Они встретились у больницы. Ольга, окончив прием, расставшись с белым колпаком и халатом, вышла к нему. Уже успокоенная, пережив к обдумав его приезд, взглянула прямо и ясно.
Увидела бледность, утомленность не успевшего загореть лица.
— Ваши больные припали к окнам. Стараются разрешить загадку, — сказал он с легким церемонным поклоном. — Давайте еще большую им зададим. Поведите меня на прогулку.
— Вам бы с дороги отдохнуть…
— Вот я и начал уже. Погуляем…
Они пошли от больницы, от ее запахов и беленых стен. Мимо кирпичной водонапорной башни с розовым линялым флажком. Миновали задворки, сорные и не убранные после паводка, с обломками старой швейной машины, клочковатым мехом мертвой собаки. Спустились по склону, где Нура, охваченная цветущими ивами, петляла, отрывая от себя старицы и болотца. Сухая трава блестела под низким солнцем, в розоватой степи чуть виднелись тракторы, вблизи паслись бело-рыжие лошади.
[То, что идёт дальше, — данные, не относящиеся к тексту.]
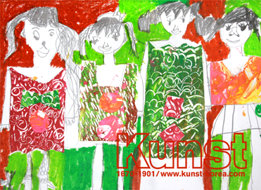 분당판교지사의 예나는 Kunst Kindheit 수업을 통해 재료의 다양한 특성을 느끼고, 기법을 응용해보며 표현력을 넓혀가는 시간을 가졌습니다. 물감 위에 뾰족한 이쑤시개와 손 등으로 다양한 텍스처를 내어 만든 종이를 오려 붙여 멋진 옷을 완성했어요. 익살스러운 표정이 재미있는 친구들의 얼굴을 함께 드로잉하여 완성한 응용력이 눈에 띕니다. 분당판교지사_정예나(6세)

— Как прошло выступление? — спросила она. — Уже все село о вашем приезде знает. Даже больные: «Профессор приехал! Профессор!..»
— Надеюсь, что меня поняли. Выступление было полезным. А иногда смеюсь над собой: придумал себе эту миссию, агитирую, собираю голоса в свою пользу. А то, о чем я вещаю, явится и помимо меня, а может, и мне вопреки… Я говорю о жизни, которая должна здесь возникнуть согласно моим предсказаниям через полвека. Но меня уж тогда не будет. Двигаюсь в будущем, мне не принадлежащем. И вытягиваю за собой мое прошлое, в той же степени недоступное. Весь состою из этих встречных, в сущности, нереальных движений.
— Но я рада, что все-таки выпадают редкие реальные дни. Лужа, в которой стоите, очень даже реальна!
Он засмеялся, перескакивая вслед за ней по залитой, с брошенными жердями дороге, выбираясь на сушь.
— Я так рад, что вас вижу…
Солнце садилось в кусты, сплетя из них круглую, блестящую корзину. Нура под обрывом хлюпала мутной водой, начинала розоветь. Качала желтые тростники с бесшумными малыми птицами, повисшими на метелках.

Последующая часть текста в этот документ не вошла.